## Instructions for the task
Starting with the line that contains "要するに、猫の手形のペンケー" and stopping after the line that contains "- Разнообразные задвижки, замочки, замки", return each line below exactly as written, with no others.

## Information given
+-------+

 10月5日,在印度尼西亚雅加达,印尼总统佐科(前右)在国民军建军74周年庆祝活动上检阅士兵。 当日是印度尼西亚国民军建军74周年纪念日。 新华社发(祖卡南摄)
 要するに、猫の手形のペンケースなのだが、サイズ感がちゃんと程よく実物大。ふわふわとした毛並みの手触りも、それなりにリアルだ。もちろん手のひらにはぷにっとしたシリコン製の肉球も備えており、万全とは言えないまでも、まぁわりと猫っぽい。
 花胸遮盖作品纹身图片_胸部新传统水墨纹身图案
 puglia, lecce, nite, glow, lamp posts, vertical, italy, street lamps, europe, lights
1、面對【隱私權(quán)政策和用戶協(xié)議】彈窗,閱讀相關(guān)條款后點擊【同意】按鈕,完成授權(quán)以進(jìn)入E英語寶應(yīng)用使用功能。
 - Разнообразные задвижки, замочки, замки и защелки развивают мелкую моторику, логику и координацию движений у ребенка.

+-------+

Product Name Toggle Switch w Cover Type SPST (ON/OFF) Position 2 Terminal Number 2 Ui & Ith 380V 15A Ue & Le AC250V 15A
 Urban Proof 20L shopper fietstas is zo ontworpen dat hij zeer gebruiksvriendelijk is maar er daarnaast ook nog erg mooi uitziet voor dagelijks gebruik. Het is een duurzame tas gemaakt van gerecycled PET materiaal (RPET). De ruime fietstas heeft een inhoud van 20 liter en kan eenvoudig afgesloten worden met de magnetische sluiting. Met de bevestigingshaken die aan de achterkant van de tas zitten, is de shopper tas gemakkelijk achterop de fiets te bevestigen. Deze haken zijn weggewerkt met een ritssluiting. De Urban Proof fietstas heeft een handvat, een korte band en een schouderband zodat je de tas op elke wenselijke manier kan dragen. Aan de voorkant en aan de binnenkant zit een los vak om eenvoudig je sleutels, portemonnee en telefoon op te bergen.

+-------+

## The completed task
 要するに、猫の手形のペンケースなのだが、サイズ感がちゃんと程よく実物大。ふわふわとした毛並みの手触りも、それなりにリアルだ。もちろん手のひらにはぷにっとしたシリコン製の肉球も備えており、万全とは言えないまでも、まぁわりと猫っぽい。
 花胸遮盖作品纹身图片_胸部新传统水墨纹身图案
 puglia, lecce, nite, glow, lamp posts, vertical, italy, street lamps, europe, lights
1、面對【隱私權(quán)政策和用戶協(xié)議】彈窗,閱讀相關(guān)條款后點擊【同意】按鈕,完成授權(quán)以進(jìn)入E英語寶應(yīng)用使用功能。
 - Разнообразные задвижки, замочки, замки и защелки развивают мелкую моторику, логику и координацию движений у ребенка.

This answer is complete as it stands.